Minister Chambers added that “if the IABA is serious after their EGM about implementing the recommendations, I would love to see the door open for Bernard Dunne to return.”

He also confirmed that Sport Ireland would oversee the implementation of these recommendations to ensure that they would not be adopted merely temporarily.

Failure to adopt these recommendations, Chambers reiterated, could lead to dire consequences for the sport in which this country has achieved the most success on the international stage.

“Those recommendations and timelines around them will have to be agreed with Sport Ireland. They will be monitored monthly by Sport Ireland. I want to make it clear we won’t be seeing this continuity of conflict and internal battles.

“We cannot have individuals on a board or council deciding who is being selected on a particular team.

“Bringing in 12 directors with half of them independent on the board, you’ll see very significant change happening if the recommendations are implemented.

Boxing and members of boxing have a clear choice if they want to embrace reform. If they don’t embrace it in the timelines outlined, it will have an impact on their core funding as organisation, including for capital and equipment.

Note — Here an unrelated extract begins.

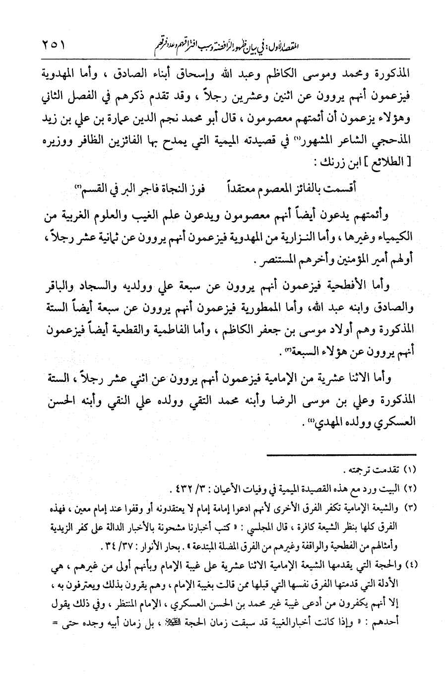 وأما المهدوية فيزعمون أنهم يروون عن اثنين وعشرين رجلا. وقد تقدم ذكرهم في الفصل الثاني. وهؤلاء يزعمون أن أئمتهم معصومون. قال أبو محمد نجم الدين عمارة بن علي بن زيد المدحجي الشاعر المشهور في قصيدته الميمية التي يمدح بها الفائز بن الظافر ووزيره [الطلائع] بن زرنك:

“What is happening now is we’re discussing individuals who have a malicious intent within the organisation trying to undermine the likes of Bernard Dunne and Billy Walsh in the past.

They need to be isolated and removed from the core running of boxing. It’s undermining the athletes, degrading the grassroots and could lead to losing future potential.

“I am determined as minister to show there will be full consequences if they do not implement the recommendations and that’s the minimum from me.”

The IABA have since issued a statement in response to the comments.

“The IABA is acutely aware of the need for reform in the volunteer structures of the association,” the statement reads.

The Minister’s comments today will serve to focus minds on the gravity of the choice facing Irish boxing – to evolve into an association with the highest standards of governance, or to reject reform and face damaging constraints on our sport. The scale of reform recommended in the report is profound and impacts virtually all areas of operation of the volunteer structures of the association.

“The governance report was shared with all boxing clubs, county boards and provincial units on 10 May, in preparation for our forthcoming EGM. In that sharing, the IABA has placed particular, but not exclusive, emphasis on the reform of the structure of the association’s board, and its expansion to include additional independent members, from which the implementation of all other reforms will flow.

“This matter will be put before members at the EGM and members will be asked to initially support the changes within the Teneo Governance review of IABA 2022 in relation to the board. That is, that all recommendations that are set out in the review on the constitution of the board of IABA are accepted.

If the recommendations are adopted by the members at the EGM, the IABA will engage, fully, with all monitoring and change management structures applied by Sport Ireland. IABA also commits to publishing an implementation plan within the timescale outlined by the Minister today.

“IABA’s ability to implement the required reforms is contingent upon a democratic ballot of boxing clubs and their members. IABA is already aware of staunch opposition among some long-standing volunteer members to the primary recommendations proposed in the review. The IABA hopes that the minister’s comments today on the immediacy and severity of financial sanctions will give those members pause and motivate them to think on what is in the best interests of the sport they love.

“The IABA notes the Minister’s comments on the resignation of Bernard Dunne as High Performance Director. IABA asked Bernard to reconsider his resignation, a request reiterated at last Monday’s board meeting. IABA considers the anonymous document disseminated in February of 2021 to be a malicious and appalling attack on a member of staff.”

Updated at 6.52pm to include IABA statement.